George Brassens, anarquista y conformista

samedi 5 septembre 2015   |   Ramón Chao
Lecture .

Periodista y escritor, Ramón Chao es autor de varias novelas inolvidables. Fue también, en París donde reside, director de Radio France Internationale y corresponsal del mítico semanario Triunfo. A lo largo de esas experiencias conoció a numerosos creadores. En una serie de textos, Ramón Chao va recordando cada mes, para nuestros lectores, algunos de sus encuentros con personalidades excepcionales como el cantautor francés George Brassens (1921-1981), de quien nos habla esta vez.

Llegué a París con veinte años, una jugosa beca en el bolsillo y dispuesto a destacar en el mundo de la música, “de la buena” (Schubert, Mozart, Beethoven…como decía mi madre), que yo ya interpretaba.
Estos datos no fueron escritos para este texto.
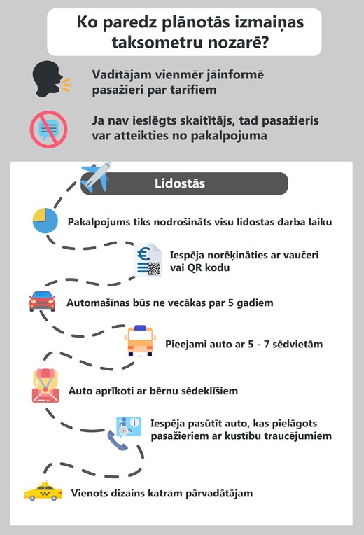 Likumprojekts paredz, ka starptautiskas nozīmes infrastruktūras objektos pārvadātājam būs jānodrošina viens tarifs taksometra nolīgšanai, vienam kilometram un vienai minūtei. Likums noteiks arī iespēju norēķināties par braucienu ar priekšapmaksas dokumentu, piemēram, kuponu vai QR kodu. Jaunā kārtība paredzēs arī to, ka pārvadātājam pakalpojuma pieejamība objektos būs jānodrošina visu to darbības laiku. Tāpat transportlīdzekļiem būs jāatbilst noteiktām kvalitātes prasībām, piemēram, tie nedrīkstēs būt vecāki par pieciem gadiem, tiem būs jānodrošina iespēja pārvadāt bērnus, kā arī cilvēkus ar kustību traucējumiem.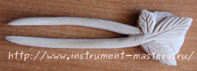 Аналогично вырезаем и обрабатываем наждачкой обратную сторону заколки. Здесь резьба не сложная, поэтому рисунок предварительно можно нанести произвольно карандашом, так как сама форма листьев уже задана при вырезании заготовки по внешним контурам.

Me sorprendió que, en Francia, –patria de Ravel, Gounod, Berlioz– llamaran “música” a lo que ejecutaban Charles Trenet o Maurice Chevalier ; a mi entender, ambos, muy encumbrados por entonces, eran asaz cabareteros y ramplones. Al poco, por radio y por televisión, se oían de vez en cuando voces de jóvenes tales como Yves Montand y Charles Aznavour. Y, de pronto, en el círculo de melómanos insustanciales, empezó a sonar el nombre de un muchacho originario del puerto mediterráneo de Sète, hijo de obreros cuyos padres se hallaban totalmente opuestos en sus creencias : Elvira, católica piadosa que le transmitió el gusto por las tarantelas napolitanas y por la mandolina ; mientras que su padre, Louis, le inculcó su anarquismo y su irreligiosidad.
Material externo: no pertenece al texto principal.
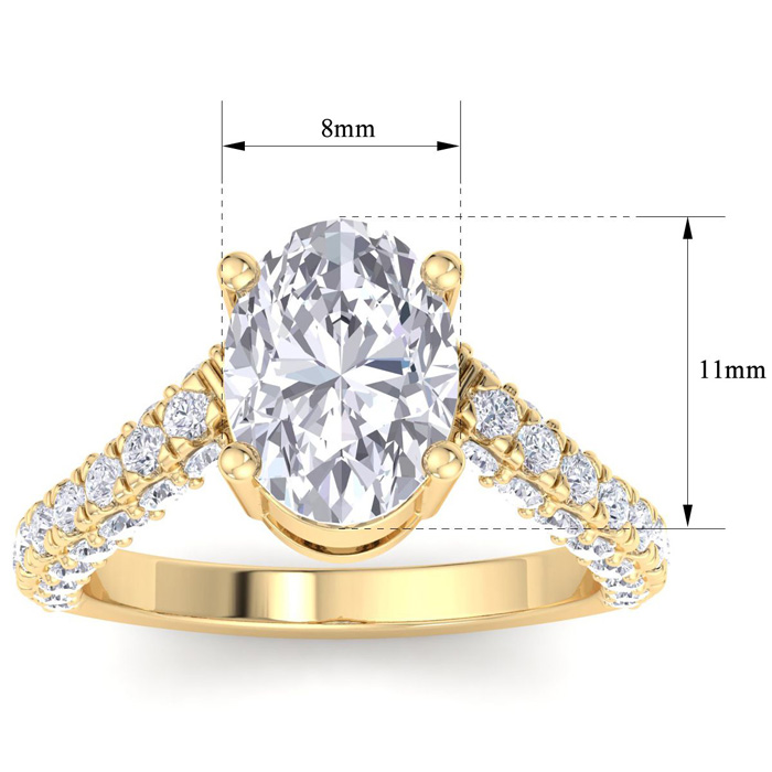 This lab grown diamond engagement ring features a 3 carat oval shape center lab grown diamond. It is accented with 48 round lab grown diamonds in G-H color, VS clarity. Total carat weight is approximately 4 carats. This ring is in 14 karat yellow gold.

Hecho un mozo, en 1940, Georges Brassens coge un tren que le llevaría a París. Durante los primeros meses trabaja en la fábrica de Renault y empieza a escribir canciones valiéndose del piano de su hospedera, a la que llama “tía” : primero golpeaba la métrica en la tapa del piano y añadía las letras al resultado rítmico. Así consiguió escribir y publicar, en 1942, un cuadernillo titulado Des coups d’épée dans l’eau (Intentos vanos). Sin embargo, le pilló la guerra de forma indirecta. Los nazis, que mandaban en París, obligaban a los jóvenes franceses a trabajar en las fábricas alemanas. Así pues, lo deportaron, entre otros miles, al campo de Basdorf con Georges Marchais, futuro secretario general del Partido Comunista francés. Allí, el cantante conoce a Pierre Onteniente, otro de los prisioneros que será uno de sus mejores amigos. Brassens le llamará “Gibraltar”, y con ese mote se le conocerá siempre. Los alemanes habían instituido un sistema cruel de rotación en las vacaciones. Para que todos los prisioneros pudieran irse sin que el trabajo se desarticulara, cada uno podría hacerlo si dejaba a un amigo de rehén que trabajaría mientras él no volviese. Es fácil imaginar las dudas, las esperanzas, las traiciones de tan diabólico método. ¿Volverá o no volverá ?, pensaba su mejor amigo, que, a veces, no regresaba. Se apostaba, se ganaba o se perdía y, a medida que se acercaba el fatídico día, crecía el suspense.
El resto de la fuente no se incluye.